The Robert Crouse Memorial Lecture was founded in 2016 in honour of the Rev’d Dr. Robert Darwin Crouse, BA’51, DD’07, of blessed memory, scholar, priest, and organist, whose dies natalis is January 15, 2011.
Each year, a lecturer is invited to give a public lecture in the King’s Chapel.
Just a few months after his birth in Winthrop Massachusetts, 1930, Robert Crouse’s family moved to Lunenburg County’s Crousetown, where he lived until his death in 2011. Robert Crouse’s schooling began in the one room school in Crousetown, which still stands next to St. Mary’s Church. After graduating from King’s in 1951, he earned an S.T.B. (cum lauda) from Harvard Divinity School, Master of Theology (1st class honours) from Trinity College, University of Toronto, and a Ph.D. from Harvard in 1970. He joined the Classics Department of Dalhousie in 1963 and later joined the faculty of King’s College, Halifax, where he taught in the Foundation Year Program.

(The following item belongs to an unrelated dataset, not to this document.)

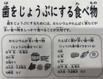 歯を丈夫にするためには、カルシウムやたんぱく質などが多い食べ物をしっかり食べることが大切です。カルシウムは丈夫な歯をつくり、たんぱく質は丈夫な歯や歯茎をつくることに役立ちます。カルシウムが多い食べ物は、牛乳・乳製品、小魚、海藻、大豆・大豆製品、野菜などです。たんぱく質が多い食べ物は、肉、魚、卵、牛乳・乳製品、大豆・大豆製品などです。

For King’s students and faculty alike he became a voice of wisdom, knowledge and inspiration through his academic teaching and his sermons at Thursday Chapel. An international scholar and lecturer, he published over seventy articles, reviews, and translations. His treatment of Dante became a formative element of the Foundation Year Program, also enhanced by the lectures on his beloved Palestrina and Bach. For several years Dr Crouse was “Visiting Professor of Patrology, Institutum Patristicum Augustinianum, Pontifical Lateran University Rome,” the first non-Roman Catholic to be so appointed.
This lecture explores the essential role played by the University of Paris (founded in 1150) in Dante’s epic poem, The Divine Comedy. More widely, there is a survey of the significance of the Universities of Bologna (1088) · Heidelberg 1386 · Leipzig 1409 · Wittenberg 1502 · Berlin 1810 — to explore what of this medieval legacy has been retained and what has been lost.
David Adams Richards is heralded as one of Canada’s greatest literary figures. He has won numerous awards for his fiction and non-fiction, including twice winning the Governor General’s prize for literature in both the fiction category for Nights Below Station Street (1988) and the non-fiction category for Lines on the Water (1998), as well as the Giller Prize for Mercy Among the Children (2000). Several of Richards’s novels have been turned into screenplays and he won the New York Film Festival Award for Best Script for Small Gifts (1996).
Richards argues that his books speak to our common humanity. The plots of his novels revolve around the internal moral struggles of his characters. In a world in which the external constraints are inevitable and seemingly dominant, the real stories of Richards’s books are about the interiority of his characters who seek to find ways to live free and fulfilling lives in the face of the seeming desolation of living in an ever changing finite order.
A common complaint about traditional Anglican worship is that it is based on the false assumption that the purpose of worship is to read as much scripture as possible, a position described by today’s scholars as the ‘Reformation Fallacy.’ But this criticism ignores the profound connection between Anglican tradition and medieval spirituality, which found in the recited words of scripture a path to personal communion with God. This spirituality found special expression in the music of the liturgy. A recovery of medieval insights can bring fresh life to Anglican worship in our own time.